BEGIN

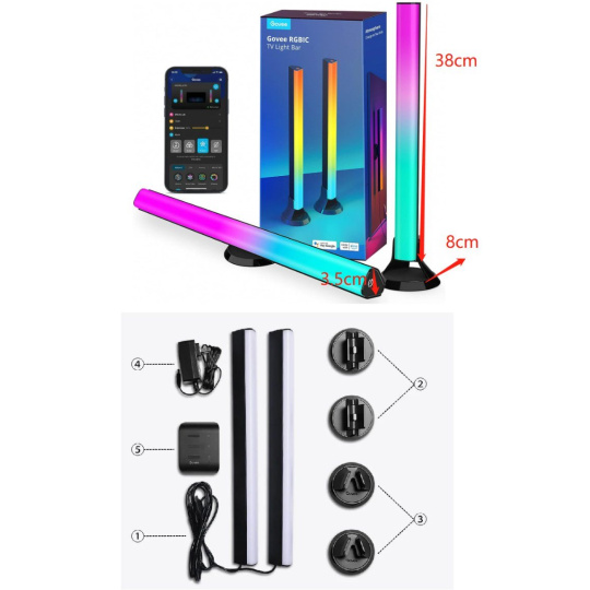 - Ovládání přes aplikaci Govee Home nebo ovládací box
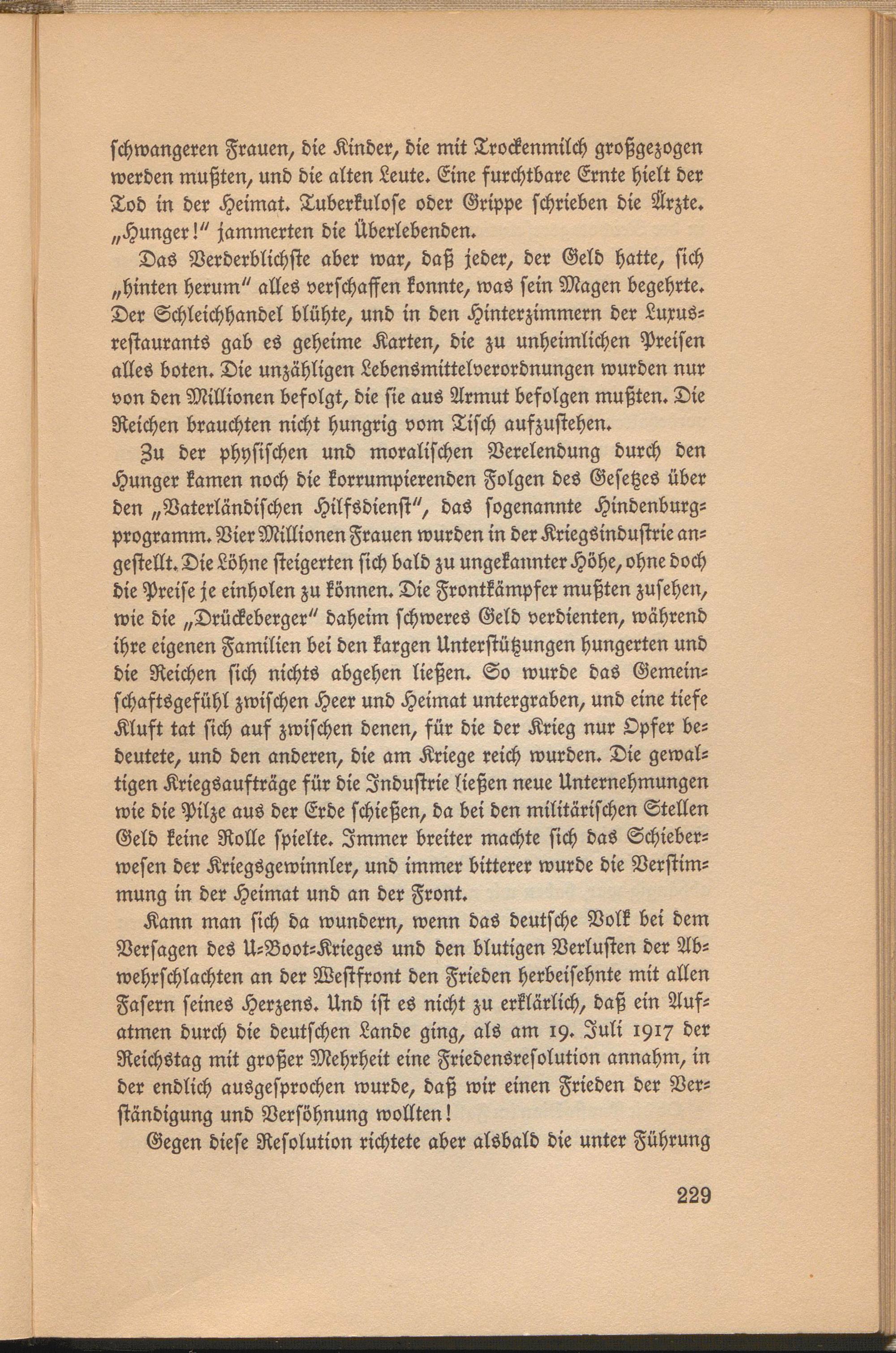 Kann man sich da wundern, wenn das deutsche Volk bei dem Versagen des U-Boot-Krieges und den blutigen Verlusten der Abwehrschlachten an der Westfront den Frieden herbeisehnte mit allen Fasern seines Herzens. Und ist es nicht zu erklärlich, daß ein Aufatmen durch die deutschen Lande ging, als am 19. Juli 1917 der Reichstag mit großer Mehrheit eine Friedensresolution annahm, in der endlich ausgesprochen wurde, daß wir einen Frieden der Verständigung und Versöhnung wollten!
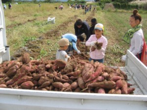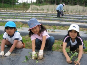 サツマイモの植付け作業をしました。小さいお子さんたちでも 力を合わせれば、あっという間に作業終了。
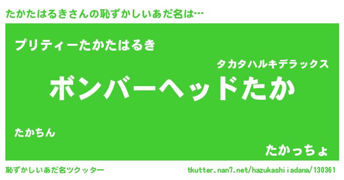 | 意味不明あだ名 | 『眠気覚ましガムたかたはるき味』 |
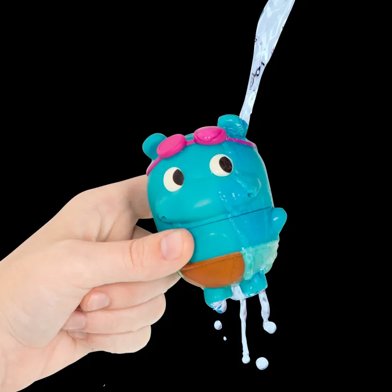 Make waves in the bath with the Pull & Go Rider from B. toys! Watch Sunny the hippo zoom here and splash there by simply pulling on the little fish – this toy jet-ski is totally kid-powered! If you want to switch it up, you can easily pop Sunny out of the bath boat and fill this little swimmer up with water to ensure the splashiest experience. When the water is warm, this happy hippo’s swimsuit color magically changes right before your eyes! To make this aquatic experience that much more exciting, collect the other animal bath squirts from our Squish & Splash sets – they fit in the jet-ski (sold separately)! Recommended for children 10 months and over.

END

Brief: When you reach the line containing "サツマイモの植付け作業をしま" in the entries above, please retype it and each line after it through the last one, exactly, without the pictures.

Exercise result:
 サツマイモの植付け作業をしました。小さいお子さんたちでも 力を合わせれば、あっという間に作業終了。
 | 意味不明あだ名 | 『眠気覚ましガムたかたはるき味』 |
 Make waves in the bath with the Pull & Go Rider from B. toys! Watch Sunny the hippo zoom here and splash there by simply pulling on the little fish – this toy jet-ski is totally kid-powered! If you want to switch it up, you can easily pop Sunny out of the bath boat and fill this little swimmer up with water to ensure the splashiest experience. When the water is warm, this happy hippo’s swimsuit color magically changes right before your eyes! To make this aquatic experience that much more exciting, collect the other animal bath squirts from our Squish & Splash sets – they fit in the jet-ski (sold separately)! Recommended for children 10 months and over.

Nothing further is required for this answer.